In some cases, the surfaces disclosed herein exhibit a ratio of specific to non-specific fluorescence signals of a fluorophore, e.g., Cy3, of at least 2, 3, 4, 5, 6, 7, 8, 9, 10, 11, 12, 13, 14, 15, 16, 17, 18, 19, 20, 25, 30, 35, 40, 50, 75, 100, or greater than 100, or any intermediate value within the ranges herein.

Low background surfaces consistent with the disclosure herein may exhibit a ratio of specific dye attachment (e.g., Cy3 attachment) to non-specific dye adsorption (e.g., Cy3 dye adsorption) or greater than 50 specific dye molecules per molecule adsorbed, of at least 3:1, 4:1, 5:1, 6:1, 7:1, 8:1, 9:1, 10:1, 15:1, 20:1, 30:1, 40:1, 50: 1. Similarly, a low background surface having attached a fluorophore (e.g., Cy3) consistent with the disclosure herein may exhibit a ratio of a specific fluorescent signal (e.g., derived from a Cy3 labeled oligonucleotide attached to the surface) to the non-specific adsorption dye fluorescent signal of at least 3:1, 4:1, 5:1, 6:1, 7:1, 8:1, 9:1, 10:1, 15:1, 20:1, 30:1, 40:1, 50:1, or greater than 50:1 when subjected to excitation energy.

In some cases, the degree of hydrophilicity (or "wettability" with aqueous solutions) of the disclosed support surfaces can be evaluated, for example, by measuring water contact angles (where a droplet of water is placed on a surface and the contact angle with the surface is measured using, for example, an optical tensiometer). In some cases, the static contact angle may be determined. In some cases, the advancing or receding contact angle may be determined. In some cases, the water contact angle of the hydrophilic, low-binding support surfaces disclosed herein can range from about 0 degrees to about 50 degrees. In some cases, the water contact angle of a hydrophilic, low-binding support surface disclosed herein can be no more than 50 degrees, 45 degrees, 40 degrees, 35 degrees, 30 degrees, 25 degrees, 20 degrees, 18 degrees, 16 degrees, 14 degrees, 12 degrees, 10 degrees, 8 degrees, 6 degrees, 4 degrees, 2 degrees, or 1 degree.

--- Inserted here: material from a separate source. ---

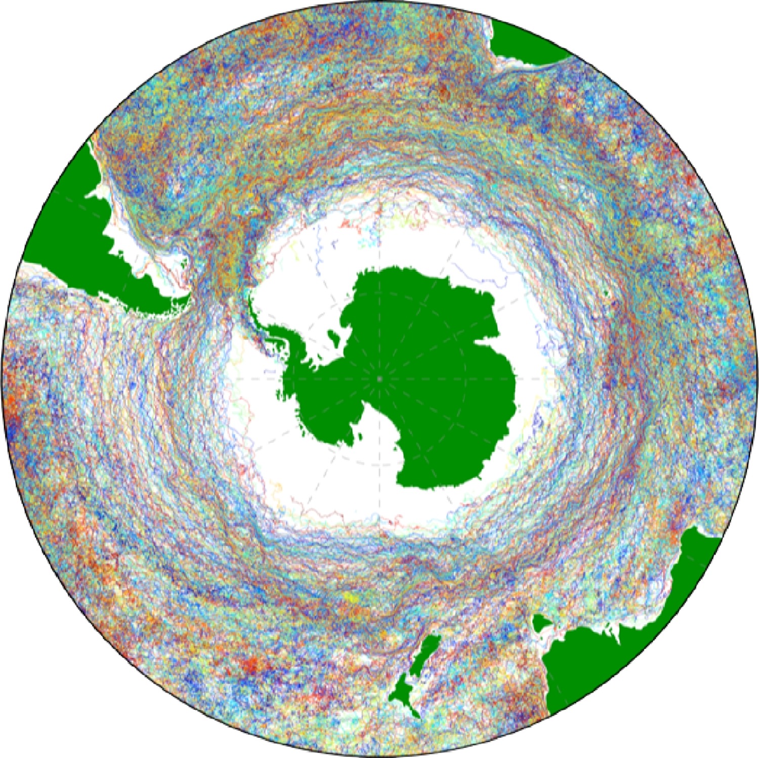 Ocean currents transport water between and within the ocean basins. With this water, they also carry heat, nutrients, microbes and litter around. Understanding of the pathways and timescales on which the ocean currents transport all this material is hence critical for determining the role of the ocean in climate and for the fate of marine litter such as plastics. Work within the Lagrangian Ocean Analysis theme at IMAU is centered around numerical simulations of virtual particles within high-resolution ocean models. These virtual particles are set up to represent plastics, microbes, plankton or nutrients. Their pathways are analysed on scales ranging from 10s of kilometers to global. In addition to virtual particles in numerical flow fields, the team also extensively uses flow fields derived from satellite observations and drifters deployed in the real ocean.
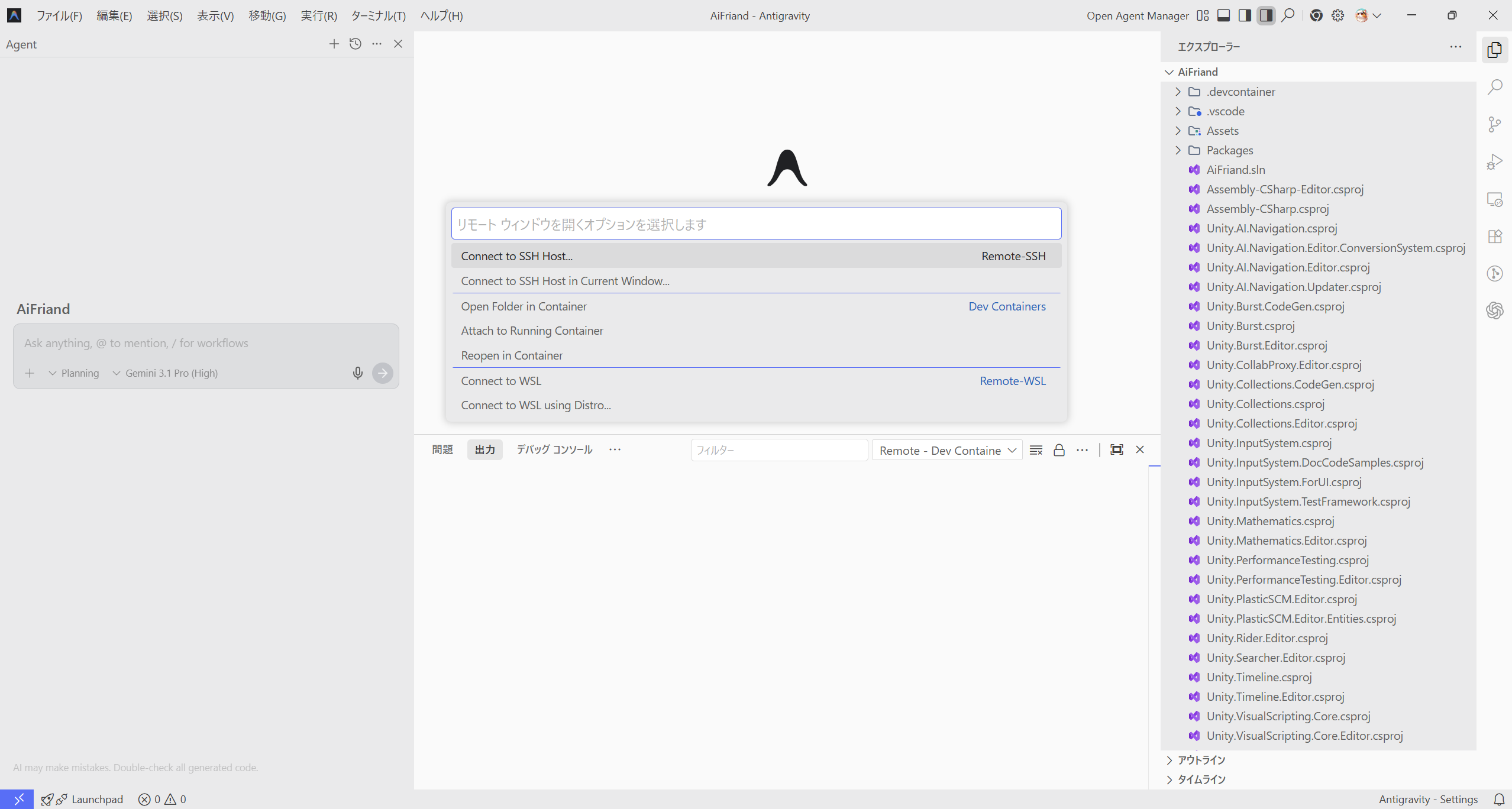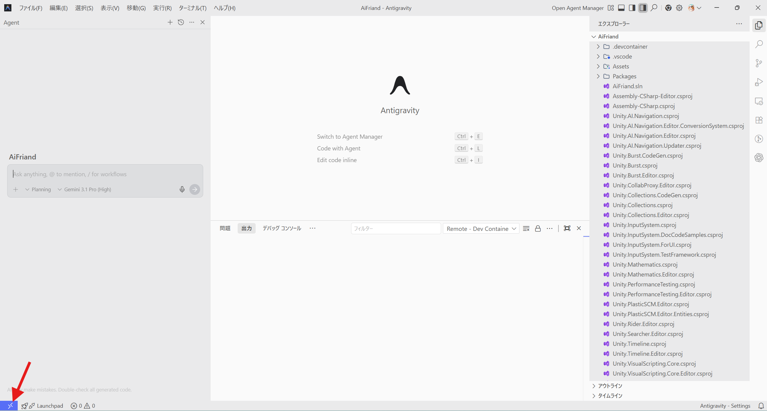 これで自動的にDocker上にコンテナが作られ、安全な隔離環境でAntigravityが開きます!

In many cases, the contact angle does not exceed any value within this range, such as not exceeding 40 degrees. One skilled in the art will recognize that a given hydrophilic, low binding support surface of the present disclosure may exhibit a water contact angle having any value within this range, such as about 27 degrees.

In some cases, the hydrophilic surfaces disclosed herein generally help to reduce wash time for bioassays due to reduced non-specific binding of biomolecules to low binding surfaces. In some cases, sufficient washing steps may be performed in less than 60 seconds, 50 seconds, 40 seconds, 30 seconds, 20 seconds, 15 seconds, 10 seconds, or less than 10 seconds. For example, in some cases, sufficient washing steps may be performed in less than 30 seconds.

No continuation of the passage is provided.